#### Data extract
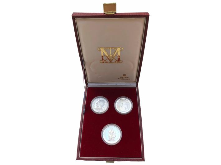 Opis: ZAGREB, Štrosmajerova galerija 1984, 3 medalje u kompletu, svaka 12,86 g = 38,58 g, u originalnoj kutiji, Zlatara Majdanpek, PP
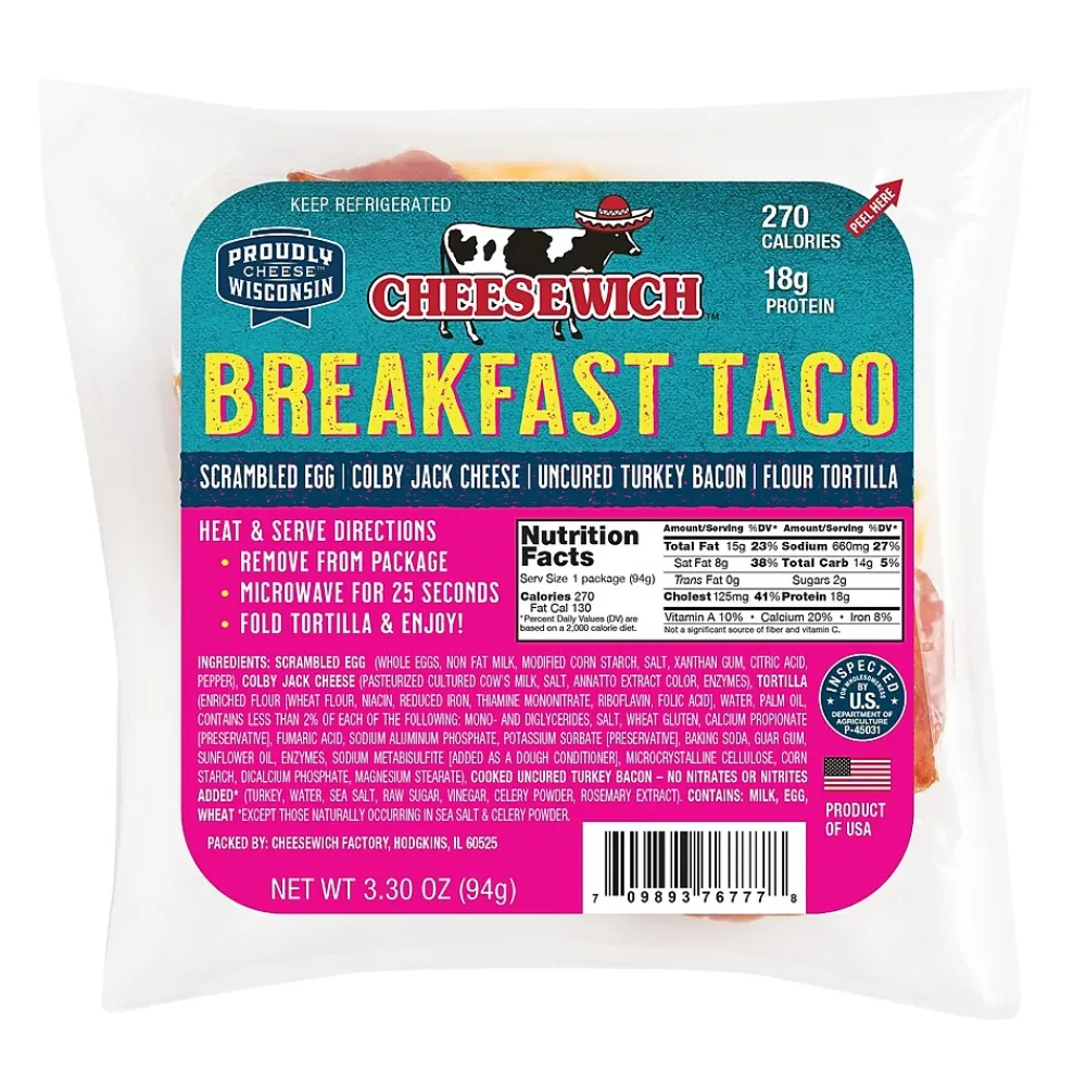 - Scrambled Eggs | Colby Jack Cheese | Uncured Turkey Bacon | Flour Tortilla
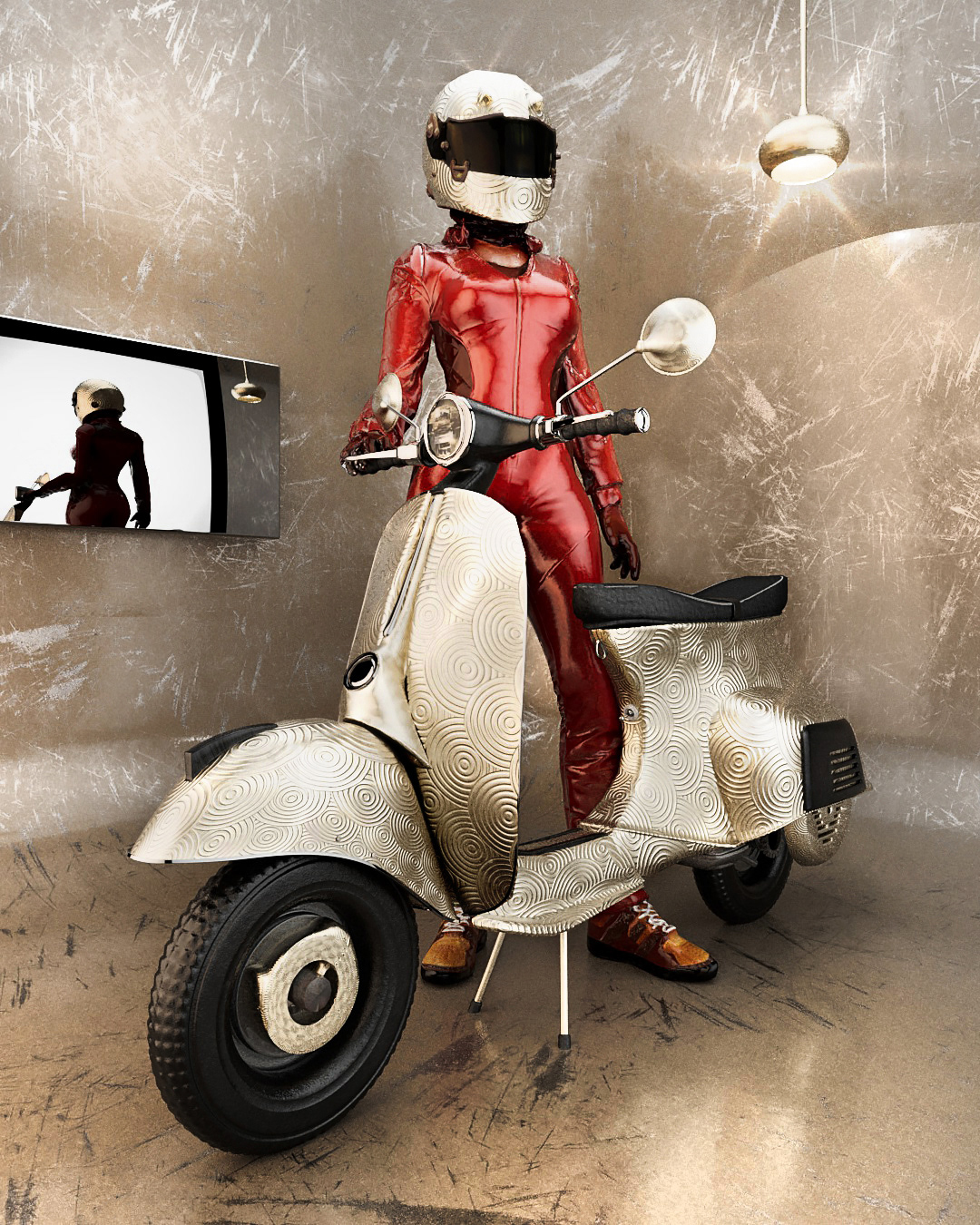The Racy Vespa 3D rendering was made using a rigged character in Cinema4D, Redshift, and Substance Painter.

#### Problem
Provide the listing above once more, exactly, with the pictures removed.

#### Answer to this problem
 Opis: ZAGREB, Štrosmajerova galerija 1984, 3 medalje u kompletu, svaka 12,86 g = 38,58 g, u originalnoj kutiji, Zlatara Majdanpek, PP
 - Scrambled Eggs | Colby Jack Cheese | Uncured Turkey Bacon | Flour Tortilla
The Racy Vespa 3D rendering was made using a rigged character in Cinema4D, Redshift, and Substance Painter.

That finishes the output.